Switching or Routing, SD-WAN or Data Center NetworkingEssentially, the vendors are converging toward the concept of a universal connectivity fabric that connects from the edge – enterprise edge, telco edge, consumer edge, device edge with IoT; to the cloud – private cloud, public clouds, multi-clouds; to everywhere. And this fabric should provide everything that an enterprise or telco needs: security; segmentation; policy- and intent-driven; built-in troubleshooting; auto-scaling, identity aware; automated on-boarding of new nodes; full visibility; and telemetry. And of course this fabric needs to be completely programmable and software-defined, as well as be agnostic to or compatible with all forms of physical transport.
A pipe dream perhaps, but that will not stop all of us in the networking space from trying to get there. There’s certainly a question around span of control and fit. For instance, whether a single spanning fabric makes sense, or whether different domains have different requirements and trying to create the universal fabric is an exercise in futility. But, fundamentally what we’re seeing is two paths to get to the universal fabric – one from a routing perspective and the other from a switching perspective.
Driving Toward the Pipe Dream – Cisco vs. VMwareAs indicated in my previous post, the SD-WAN vendors will start from the edge and inch their way to take over edge routers and then expand into the branch and the data center (wait, what about campus?). We’re already seeing SD-Branch and SD-WAN in cloud VPCs. Data center networking solutions like Cisco ACI will start in the data center and expand their way into the cloud and the edge. While VMware will unify their market from both sides: NSX/NSX-T in the data center and NSX SD-WAN in the branch. But wait, you say, Cisco has an SD-WAN solution too. But it doesn’t really unify with their data center story.
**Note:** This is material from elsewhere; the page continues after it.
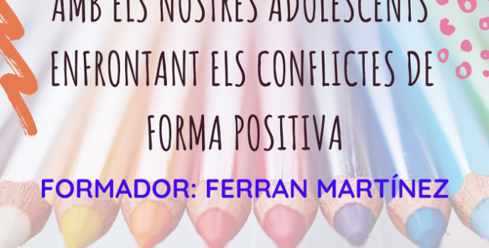 Després d’escoltar les vostres preferències, tenim el plaer de convidar-vos a la primera xerrada de l’escola de Mares i Pares. Us agraïm la vostra col·laboració, ja que ha segut molt important i us esperem a totes i tots la propera setmana. XERRADA: COM GESTIONAR LA RELACIÓ AMB ELS NOSTRES ADOLESCENTS ENFRONTANT ELS CONFLICTES DE FORMA POSITIVA DIMECRES …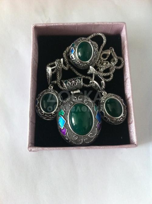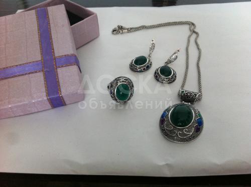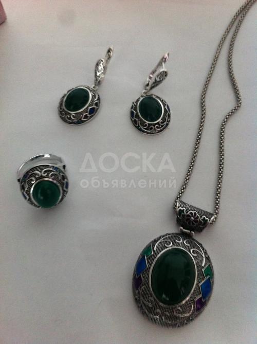 Малазийское серебро 925 пробы: серьги, кольцо 18 размер, цепочка и кулон. Искусственно выращенный нефрит.

Let’s look at Cisco’s SD-WAN. First, you have to decide which flavor of Cisco SD-WAN you want:
Pick your SD-WAN — Source: Cisco Website
So before putting together a unified fabric story, Cisco needs to unify their own SD-WAN story. At least we don’t have to deal with iWAN vs. Viptela vs. Meraki now, it’s just two choices. Regardless, say we treated Cisco’s SD-WAN as one offering. In that case, here’s all the devices that Cisco’s SD-WAN runs on:
SD-WAN platforms — Source: Cisco Website
I don’t see any DC switches there. But again, it’s called SD-WAN, and the data center isn’t exactly part of the WAN. However, the SD-WAN team at Cisco wants you to be able to manage a unified networking fabric that goes everywhere:
SD-WAN goes everywhere, including data center — Source: Cisco Website
Yes, vManage will manage centralized policies across all areas including the data center, but vManage doesn’t talk to Cisco ACI. So, from a story perspective, perhaps the NSX narrative ties together a little better and is more unified. Again, some of what both are pitching are visions in progress that still have to be completely realized, though there’s significant investment on both the VMware and Cisco camps in this area, so we can expect forward momentum.
Getting to Somewhere or Going NowhereSo, where does this lead? We haven’t even explored IoT devices at the extreme edge with 5G and network slicing or cloud-native networking with Kubernetes, containers, and service meshes. The mind boggles at how to tie it all together.
Despite VMware putting elements like 5G and mobile networks into their marketing-architecture diagram it doesn’t mean it will magically happen. I bet, as in the past, that we’ll see all the vendors marching toward unified networking as a vision and then come to realize that domain-specific approaches might be more realistic. I posit that we’ll end up with domain-specific networks with constrained span of control and a set of interoperating APIs that federate between them (at least for policy and control). That’s not the holy grail, but getting to that somewhere is better than an eventual nowhere.